• _PROBLEM REQUIREMENTS_: In the material below, find the line with "CLEAN & MODERN!" and the line with "- Right side". Output exactly those two lines and all lines between them, leaving out pictures.

• _SOURCE MATERIAL_:
:::::
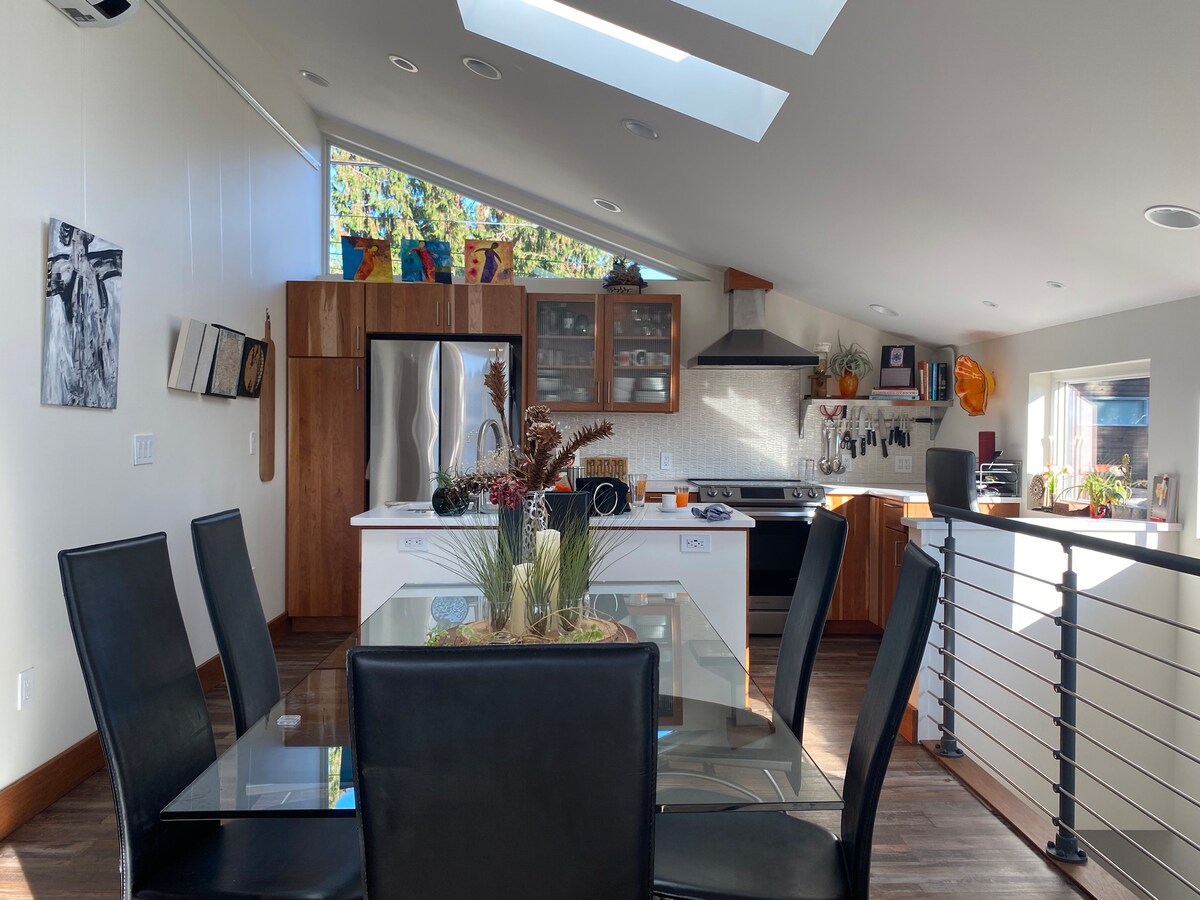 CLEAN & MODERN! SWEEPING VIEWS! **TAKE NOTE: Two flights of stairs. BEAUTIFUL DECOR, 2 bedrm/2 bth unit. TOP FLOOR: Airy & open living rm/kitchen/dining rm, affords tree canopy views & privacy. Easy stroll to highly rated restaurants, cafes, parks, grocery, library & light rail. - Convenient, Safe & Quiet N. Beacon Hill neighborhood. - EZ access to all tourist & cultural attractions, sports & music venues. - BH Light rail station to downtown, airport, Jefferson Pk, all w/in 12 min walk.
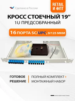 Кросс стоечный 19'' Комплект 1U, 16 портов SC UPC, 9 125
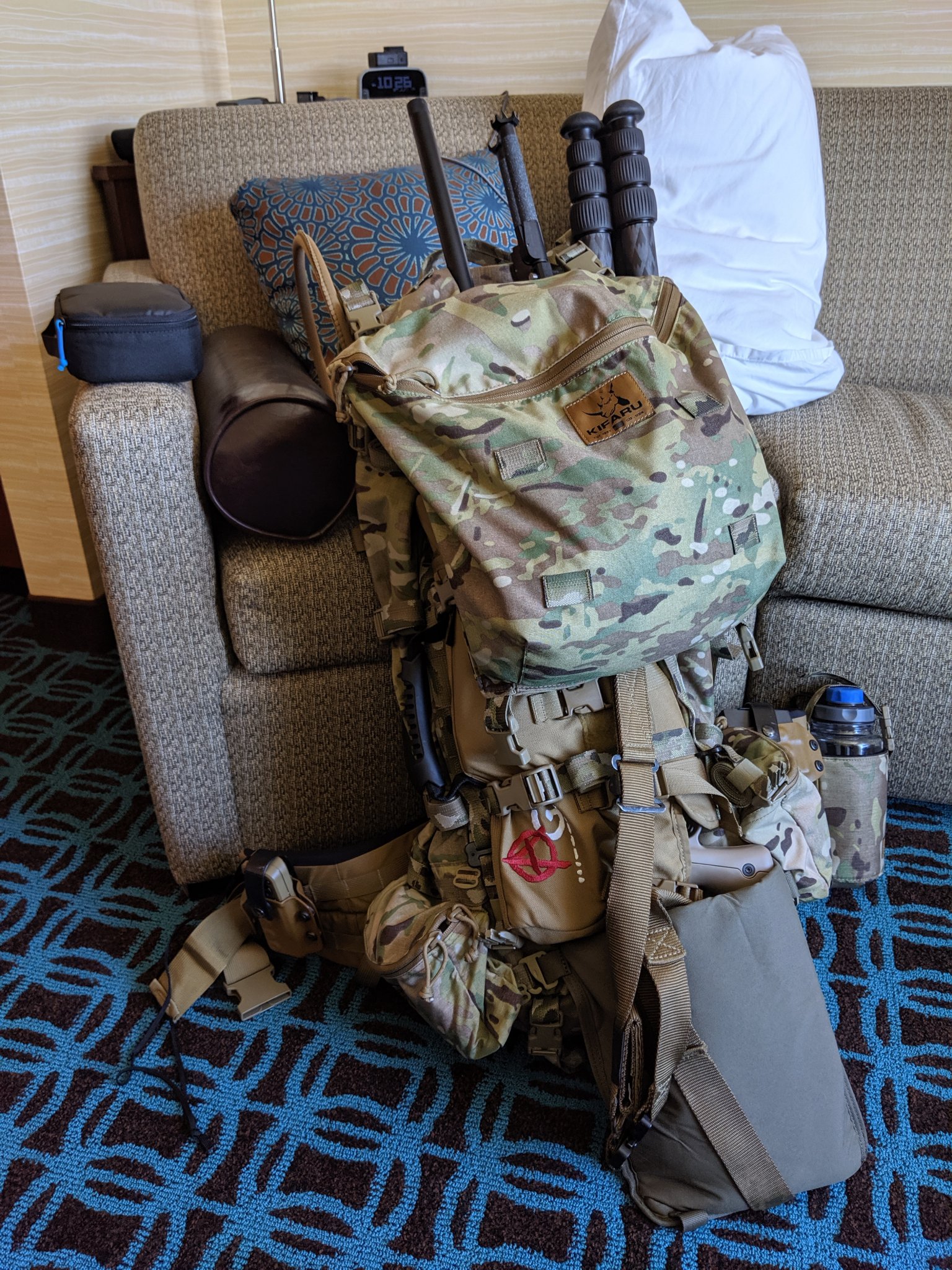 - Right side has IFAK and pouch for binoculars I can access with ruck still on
:::::
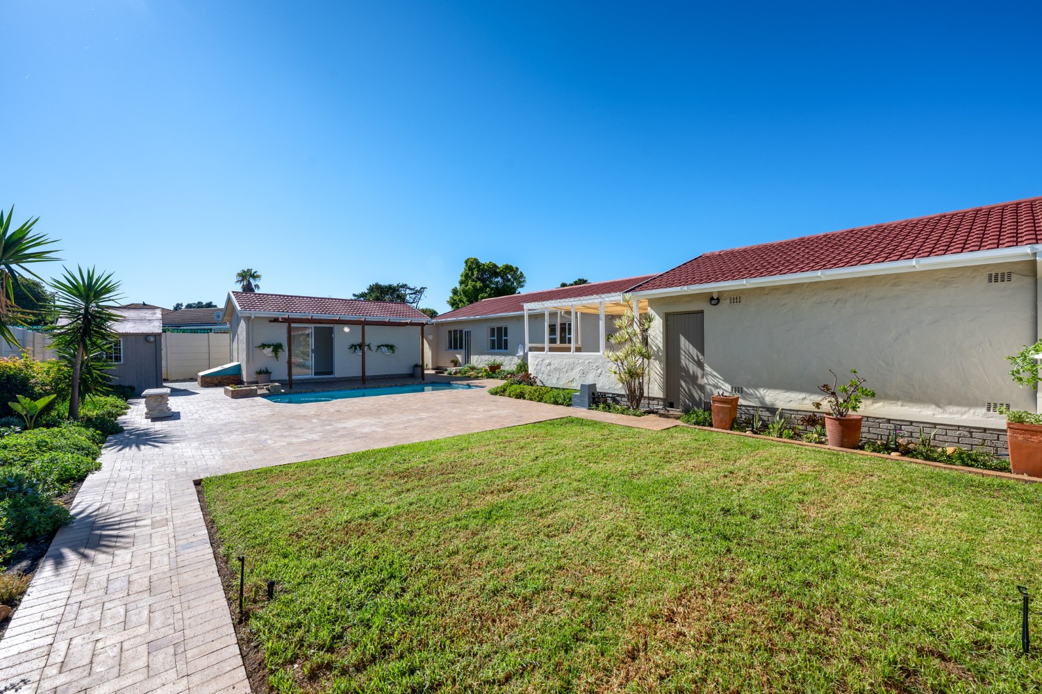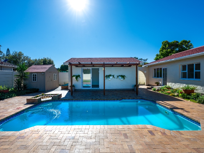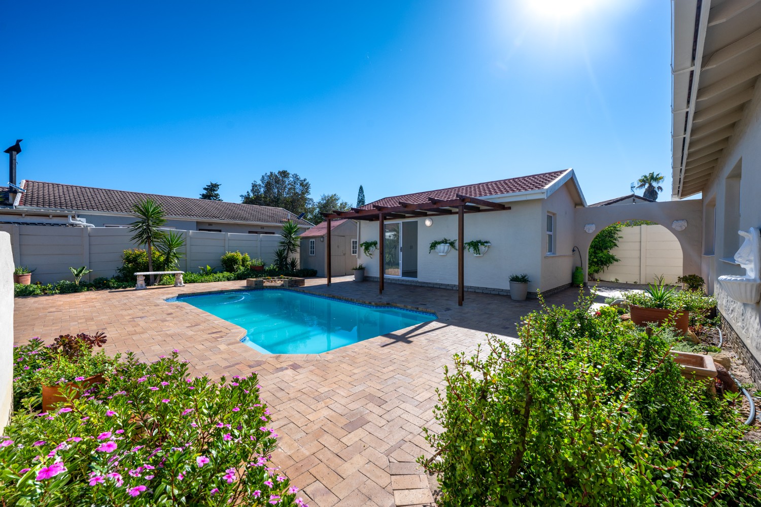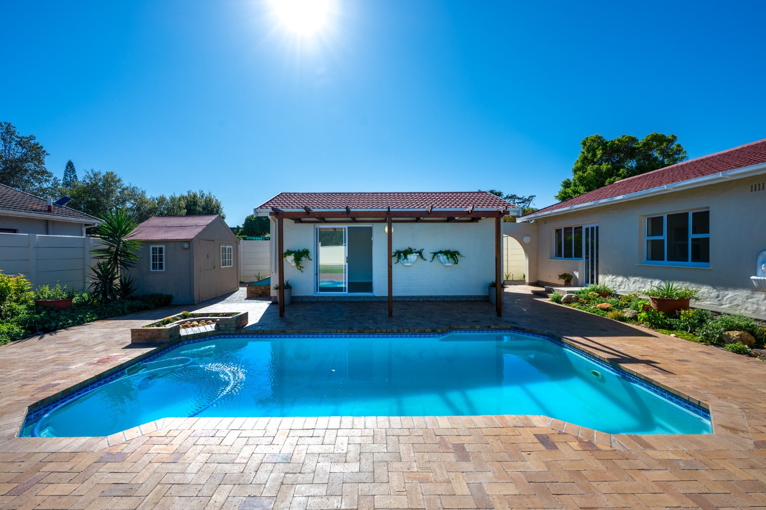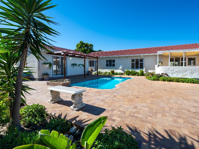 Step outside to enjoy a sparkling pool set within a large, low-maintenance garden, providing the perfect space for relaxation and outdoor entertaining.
:::::
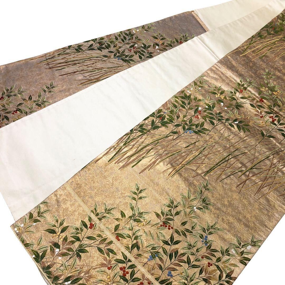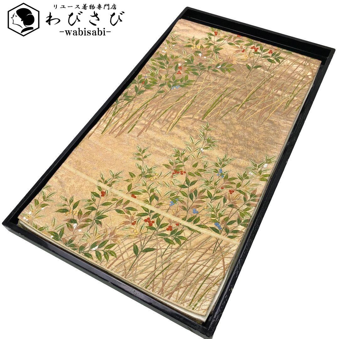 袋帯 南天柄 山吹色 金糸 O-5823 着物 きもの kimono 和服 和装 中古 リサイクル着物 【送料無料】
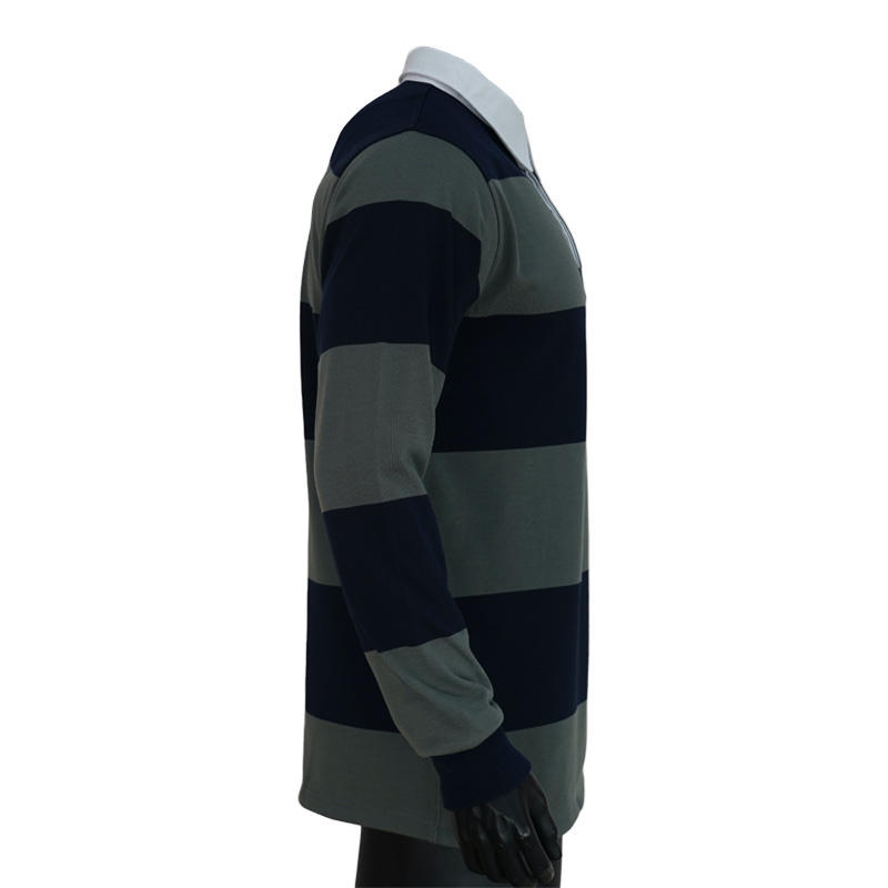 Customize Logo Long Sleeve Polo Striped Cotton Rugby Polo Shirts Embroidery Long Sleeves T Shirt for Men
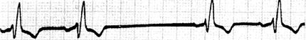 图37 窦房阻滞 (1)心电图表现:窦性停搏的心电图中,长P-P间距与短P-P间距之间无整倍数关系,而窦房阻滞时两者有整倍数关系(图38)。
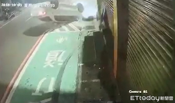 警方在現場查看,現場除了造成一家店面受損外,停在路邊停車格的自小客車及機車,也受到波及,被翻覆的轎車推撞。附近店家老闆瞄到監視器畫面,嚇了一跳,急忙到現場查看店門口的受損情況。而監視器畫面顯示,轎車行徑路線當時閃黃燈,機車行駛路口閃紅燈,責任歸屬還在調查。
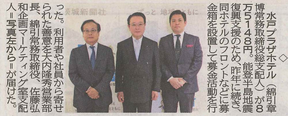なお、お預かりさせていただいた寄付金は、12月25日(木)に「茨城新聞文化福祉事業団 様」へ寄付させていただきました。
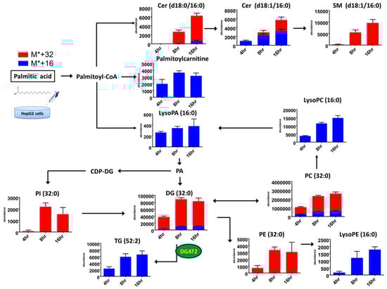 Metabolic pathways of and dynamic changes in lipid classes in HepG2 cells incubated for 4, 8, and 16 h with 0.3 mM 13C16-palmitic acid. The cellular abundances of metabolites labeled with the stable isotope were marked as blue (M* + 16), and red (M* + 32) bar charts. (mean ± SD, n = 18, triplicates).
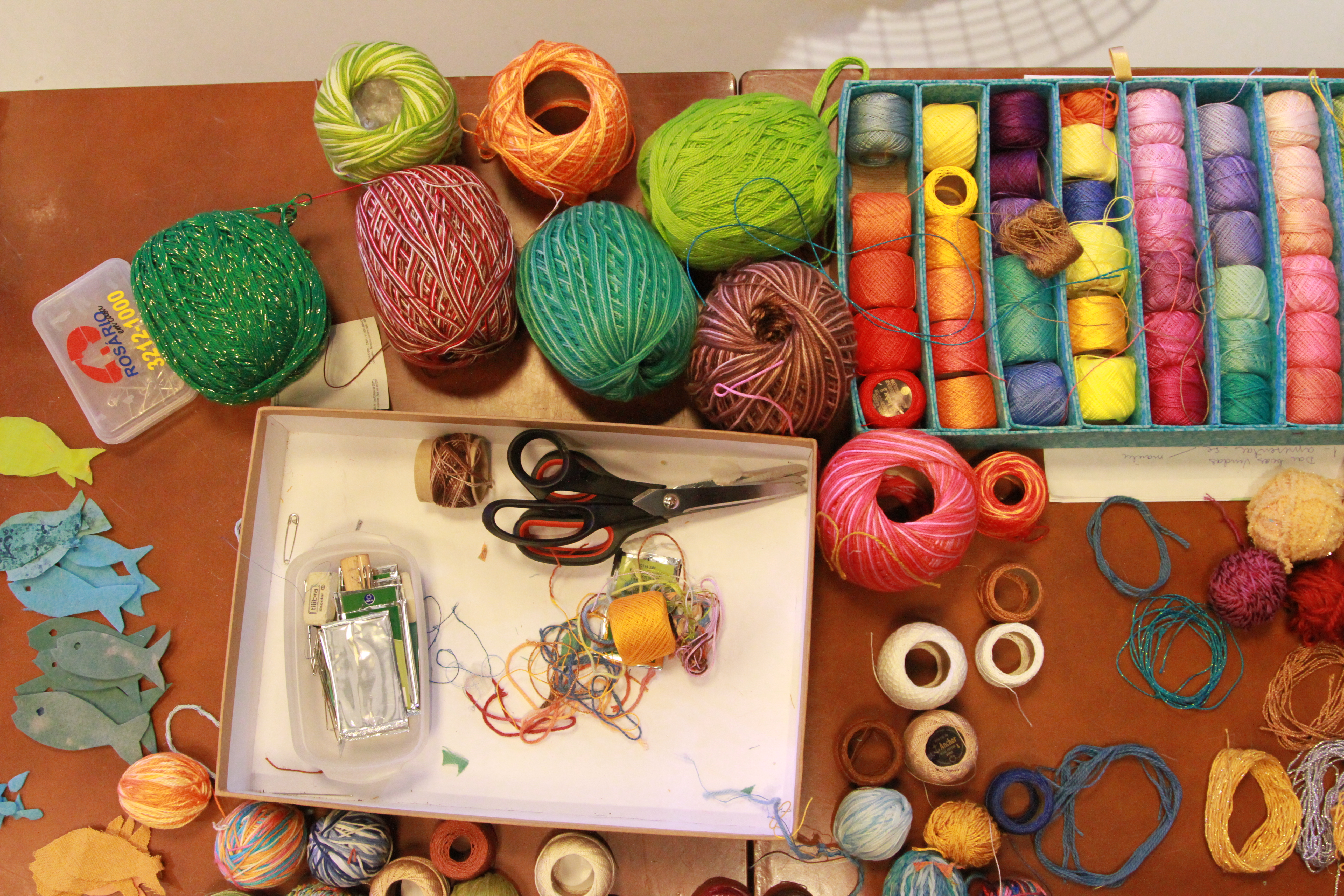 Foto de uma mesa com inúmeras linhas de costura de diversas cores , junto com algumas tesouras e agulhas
:::::
• _RESPONSE BOX_:
 CLEAN & MODERN! SWEEPING VIEWS! **TAKE NOTE: Two flights of stairs. BEAUTIFUL DECOR, 2 bedrm/2 bth unit. TOP FLOOR: Airy & open living rm/kitchen/dining rm, affords tree canopy views & privacy. Easy stroll to highly rated restaurants, cafes, parks, grocery, library & light rail. - Convenient, Safe & Quiet N. Beacon Hill neighborhood. - EZ access to all tourist & cultural attractions, sports & music venues. - BH Light rail station to downtown, airport, Jefferson Pk, all w/in 12 min walk.
 Кросс стоечный 19'' Комплект 1U, 16 портов SC UPC, 9 125
 - Right side has IFAK and pouch for binoculars I can access with ruck still on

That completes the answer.